Sutopo mengatakan, 12 orang anak sekolah yang meninggal tersebut merupakan bagian dari 29 anak sekolah SD Negeri 235 yang masuk sore pada saat banjir bandang menerjang Desa Muara Saladi, Kecamatan Ulu Pungkut, pada Jumat (12/10) sore. Sementara sisanya sebanyak 17 anak berhasil diselamatkan.

“Semua korban adalah anak-anak berusia di bawah 12 tahun. Dari 17 anak yang selamat 7 anak di antaranya luka-luka dan dirawat di Puskesmas setempat. Selain itu 2 orang guru juga ditemukan selamat. Korban selamat ditemukan di bawah reruntuhan bangunan dan sebagian terseret oleh banjir bandang,” jelas Sutopo.
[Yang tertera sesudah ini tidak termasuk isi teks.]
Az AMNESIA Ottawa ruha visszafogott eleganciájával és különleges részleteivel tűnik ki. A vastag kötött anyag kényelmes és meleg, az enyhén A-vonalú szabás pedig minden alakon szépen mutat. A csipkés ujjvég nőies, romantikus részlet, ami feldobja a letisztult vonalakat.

Sutopo menambahkan, banjir bandang tersebut juga menyebabkan 12 rumah hanyut dan rusak total. Selain itu ada 9 rumah rusak berat dan 3 bangunan fasilitas umum rusak berat di Desa Muara Saladi. Masyarakat mengungsi di rumah kerabatnya.
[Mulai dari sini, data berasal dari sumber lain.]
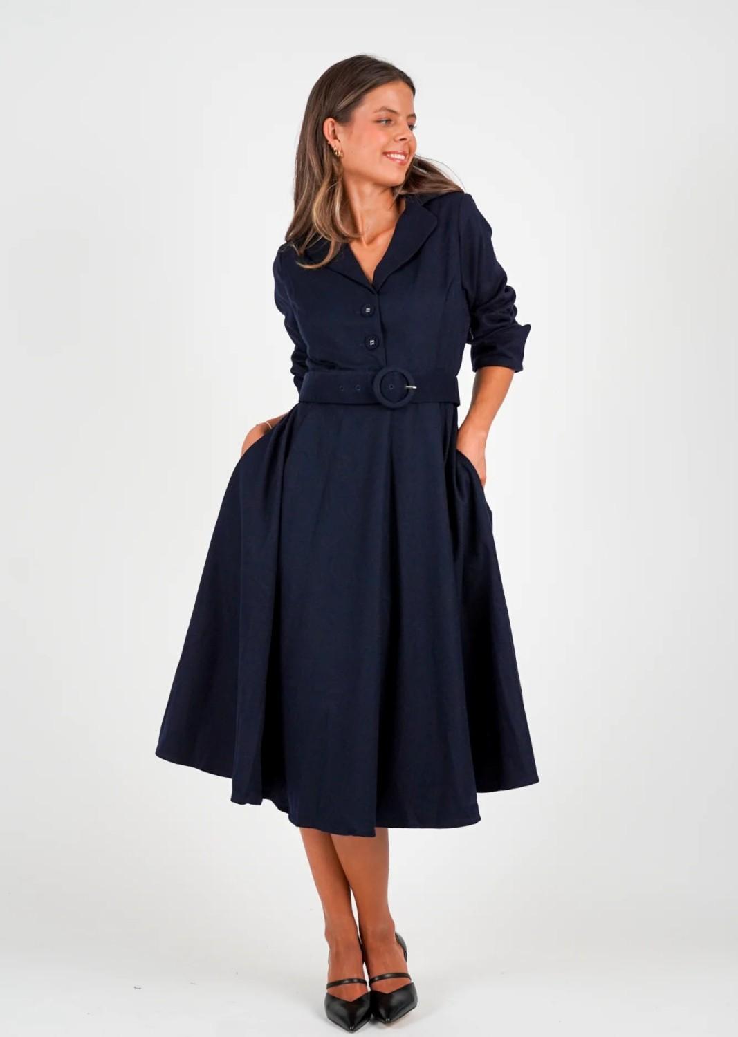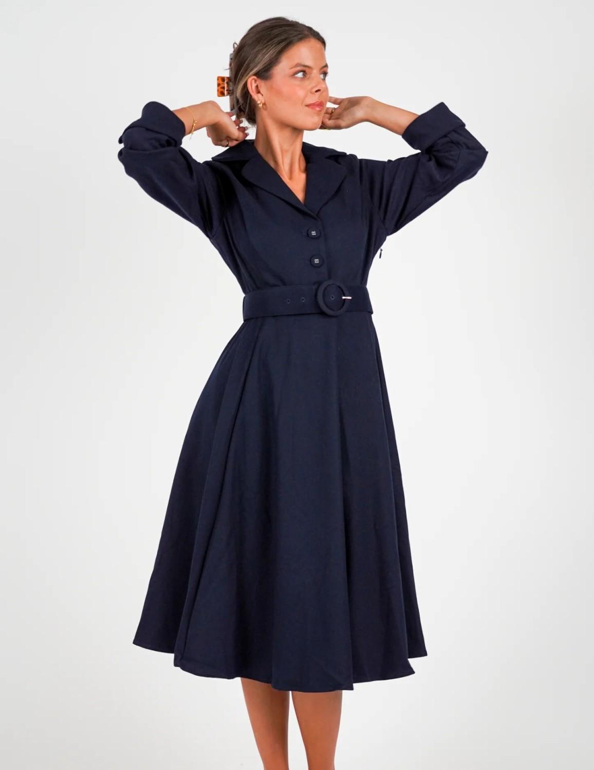Kjolen har en klassisk lengde som faller under kneet, 3/4 ermer med oppbrett og en tidløs krage. Det er skjult glidelås i siden, åpning i utringningen og et avtagbart belte.

“Sedangkan 2 korban meninggal yang ditemukan di dalam mobil yang tercebur ke Sungai Aek Batang Gadis adalah seorang pegawai PT Bank Sumut dan seorang anggota Polri yang sedang mengawal pegawai PT Bank Sumut. Korban telah diserahkan kepada pihak keluarga. Sedangkan korban 3 orang pekerja gorong-gorong jalan di Kecamatan Muara Batang Gadis juga sudah diserahkan pada keluarga,” kata Sutopo.

“Hingga malam ini tidak lagi ada laporan kelurga yang merasa kehilangan anggota keluarganya di 11 kecamatan di Kabupaten Mandailing Natal yang mengalami banjir bandang, banjir dan longsor,” tambah Sutopo.